Medical practice after early-onset coronary reperfusion is surpassed is not yet well-established. There is a need to determine the most appropriate cardiac pathophysiologic sequence following coronary occlusion and subsequent reperfusion at different times after coronary occlusion. These conditions emphasize the value of transactional research to better understand cardiac evolution in this scenario.
Most of experimental research in myocardial reperfusion focus injury reperfusion as the main aim.

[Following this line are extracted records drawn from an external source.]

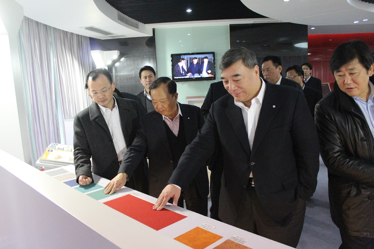 在公司展示中心,面对各种新型铺地材料,宋志平董事长不时驻足停留,当得知公司运动塑胶地板已大量使用在伦敦奥运会、巴西等知名体育场馆时,他大为赞赏,说我们的产品科技含量高,亚麻地板是当今世界最环保的塑胶地板,他详细询问了产品性能、生产工艺和技术要求,对植绒地毯、橡胶地板如数家珍。宋志平董事长指出,现在的塑胶地板已完全不是十多年前的塑料地板,运用广泛、前景看好,他要求中复丽宝第要紧紧抓住国家城镇化建设的战略机遇,抓住集团和南车等兄弟央企签署战略合作协议的契机,加快科技创新步伐,进一步转型升级,在中国第一的基础上尽快做到世界第一,成为名副其实的“铺地专家”。
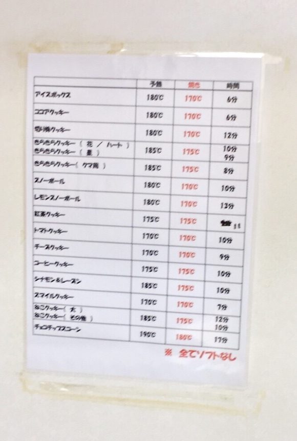 ▲10種類以上あるクッキーは、それぞれ余熱や焼く際の温度・時間が違います。こちらで確認すれば間違えることもありません!
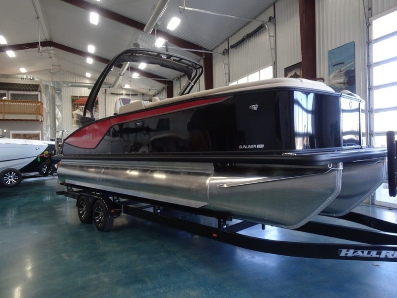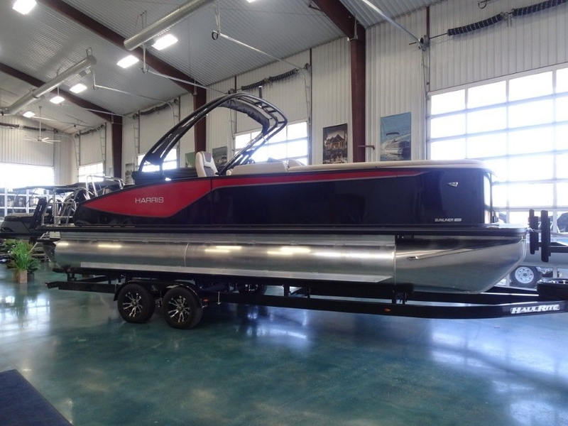 This is a new 2026 Harris Sunliner 250 Sport Tri-toon in Black Sapphire w/Blush Red Accent and Lux Dune Interior. It is powered by a Mercury 300hp Verado 4-Stroke DTS/PAS and has the following options:
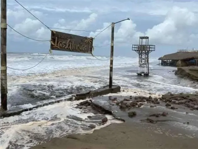 Una marejada anticipada sorprendió la mañana de este lunes 28 de abril a trabajadores y visitantes de la playa Las Glorias, donde el agua alcanzó restaurantes, viviendas e incluso el bulevar principal.
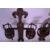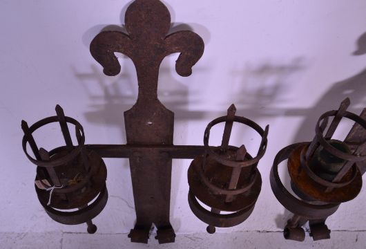 A pair of 19th Century cast iron medieval revival antique wall mounting torch folders, the wall brackets having fleur de lys shaped tops with split scrolled bottoms having two arms bearing round torch holders with pointed supports. Measures 80 cm high x 45 cm wide x 17 cm deep.

It is numerous the number of papers determined to study early reperfusion. To our knowledge, only one experimental report assessed the cardiac effects of late reperfusion. Nakagawa et al. (2008) performed myocardial reperfusion in rats 24 h after coronary occlusion and noted morphological and functional benefits: myocardial scar was thicker, wall tension reduced, and dP/dt increased. Additionally, it appears that no study has focused on the remote myocardial effects of regional coronary reperfusion immediately after complete myocardial necrosis. Moreover, no previous study has assessed the effects of prior exercise on remnant myocardial tissue. The purpose of the present study was to analyze the effects of reperfusion on cardiac function, ultrastructure and molecular environment of the remote myocardium immediately after the completion of myocardial regional necrosis in rats. Since this set is so different from usual study of late reperfusion, we called this set as delayed reperfusion (DR). As no previous studies have assessed the effects of prior exercise on remnant myocardial tissue in delayed reperfusion, we also sought to evaluate the influence of prior exercise in the outcomes of DR.

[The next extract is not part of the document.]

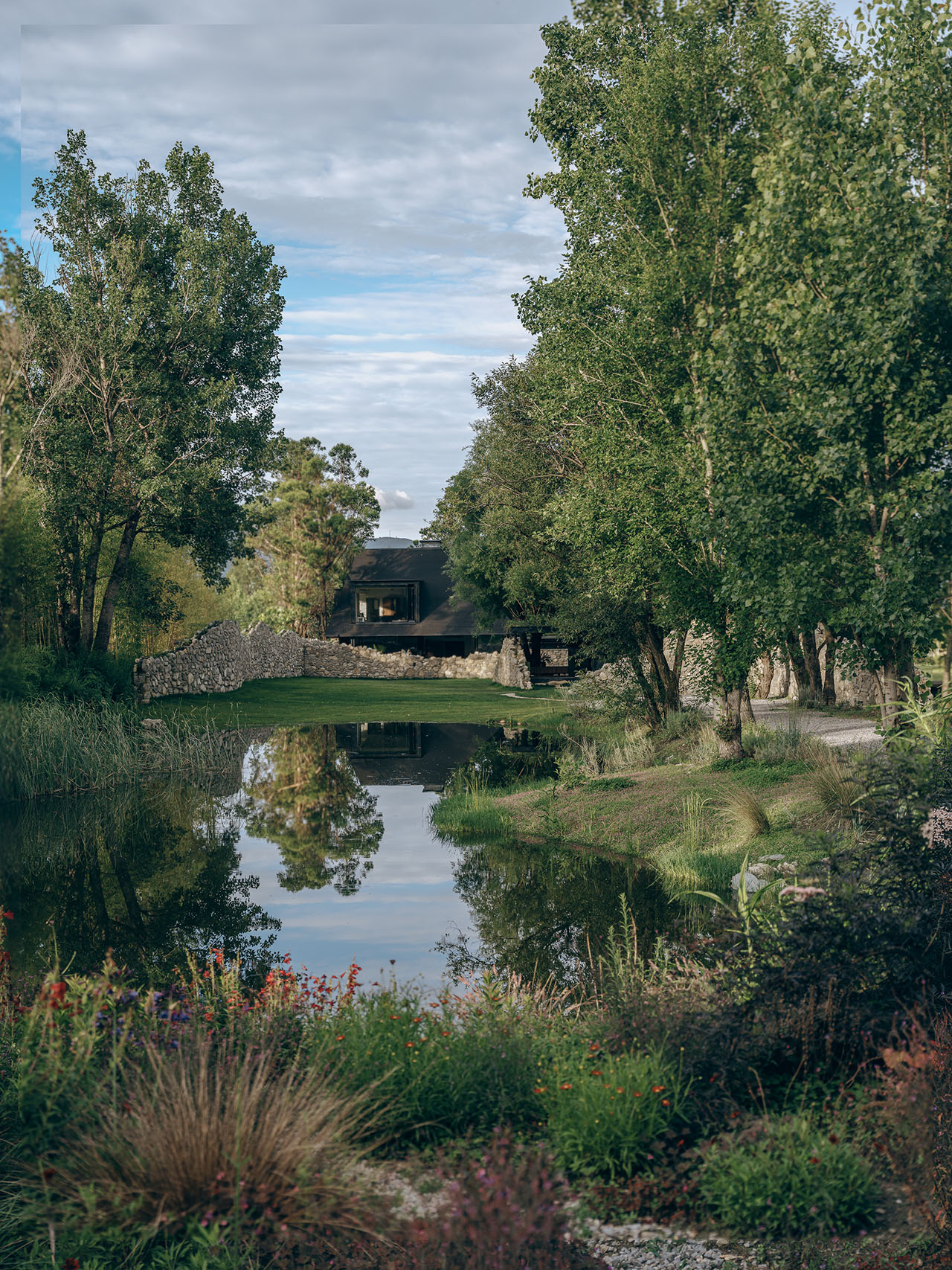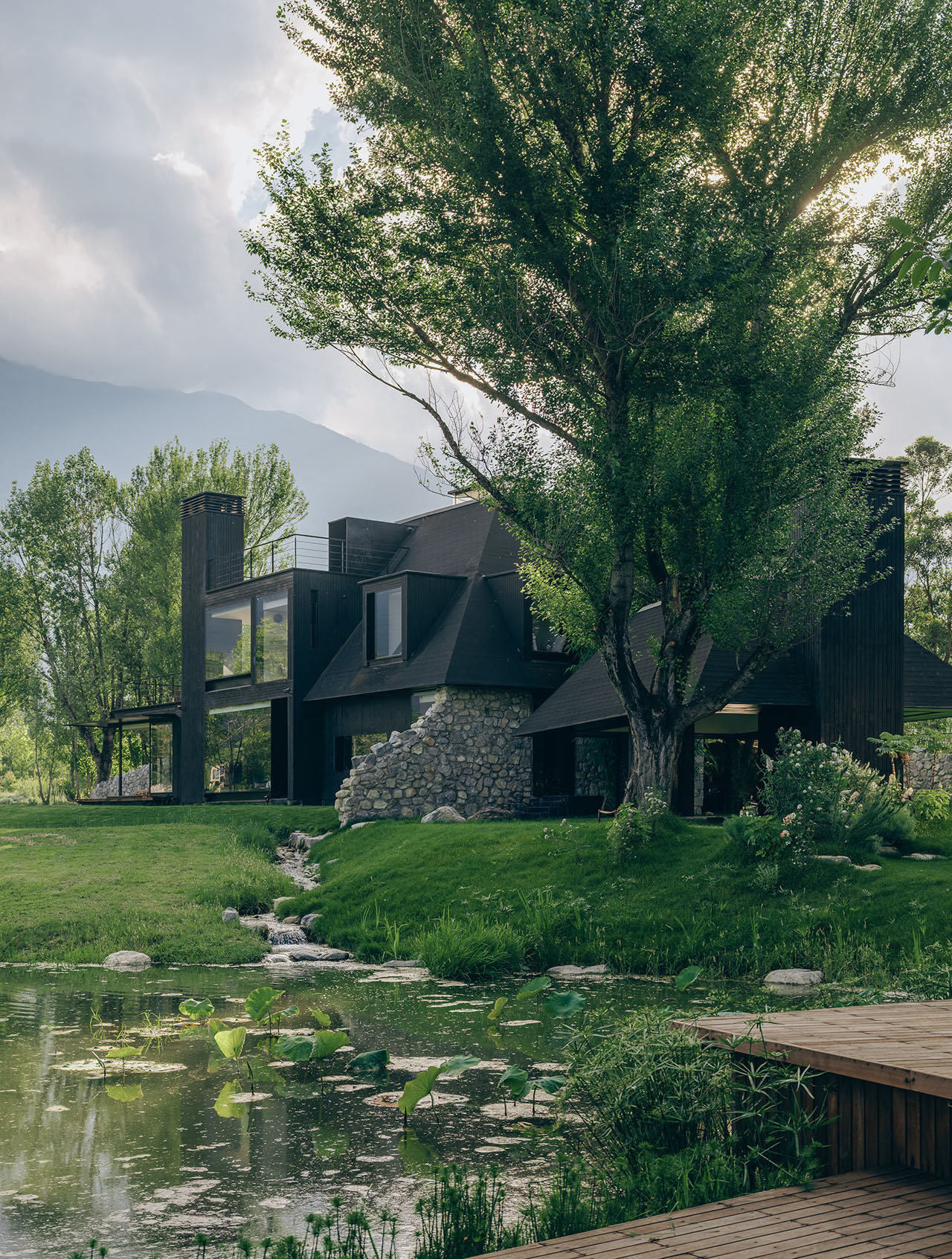 设计以“大地石墙”为骨架,在原建筑占地范围内重塑空间。石墙贯穿室内外,营造多层次院落,借南侧田野的平远之势与西侧水塘的高远之势,衍生两大体验序列:其一从内院经茶室、花园起居室延伸至核桃林,面向开阔苍山;其二从通高餐厅向西,透过草坪、石墙与水塘,框景苍山倒映的纵深景观。

To define the duration of ischemia in our protocol, we considered the results of the studies by Hedstrom et al. (2009) and dos Santos et al. (2009) showing that in rats, total necrosis due to coronary occlusion occurs in <1 h. In the rats, we conducted coronary reperfusion immediately after the assumed risk area accomplished total necrosis, that is to say, 1 h after coronary occlusion.

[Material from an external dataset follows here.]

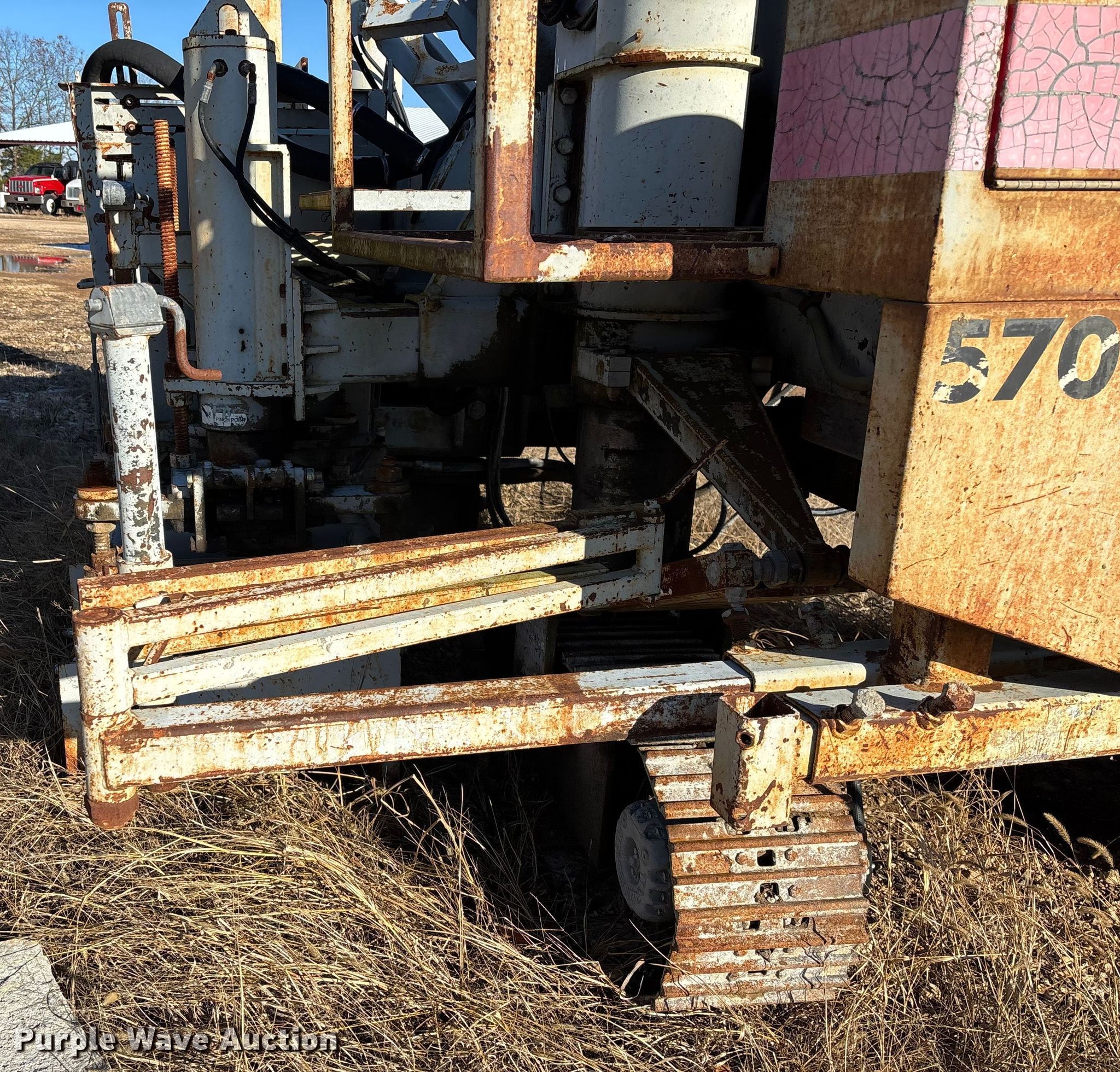 Power Curbers 5700-B curb machine. Hours: 3,469 on meter, Serial: 57169795. Engine Deutz, Cylinders: 4, Fuel type: Diesel. Transmission Hydrostatic. Features Molds: 1, Cutting head Width: 42", Hopper 32" L x 24" W, Water system Hose, Additional features Telescoping frame. Tracks Width: 12", Steel, Grouser pads: Triple. Notes Auger missing, Non-operational unit. Seven Valley's Concrete LLC. Cassville, MO 65625

Female rats (Rattus norvegicus var. albinus, 12 weeks old, weighing 180–220 g) were randomly assigned to swimming (1 h/day, 5 days/week, 8 weeks) or sedentary protocols and subjected to permanent occlusion or DR, generating four experimental groups: sedentary permanent occlusion (SPO), exercised permanent occlusion (EPO), sedentary delayed reperfusion (SDR), and exercised delayet reperfusion (EDR). This study was conducted in accordance with the Guide for the Care and Use of Laboratory Animals published by the National Institutes of Health (publication No. 85-23, revised 1985), the policies and regulations of the United Kingdom described in the Journal of Physiology (Grundy, 2015), and the Ethical Principles of the Brazilian College of Animal Experimentation (COBEA). The protocol was approved by the Research Ethics Committee of the Federal University of São Paulo (UNIFESP), Brazil (CEP 0341/08).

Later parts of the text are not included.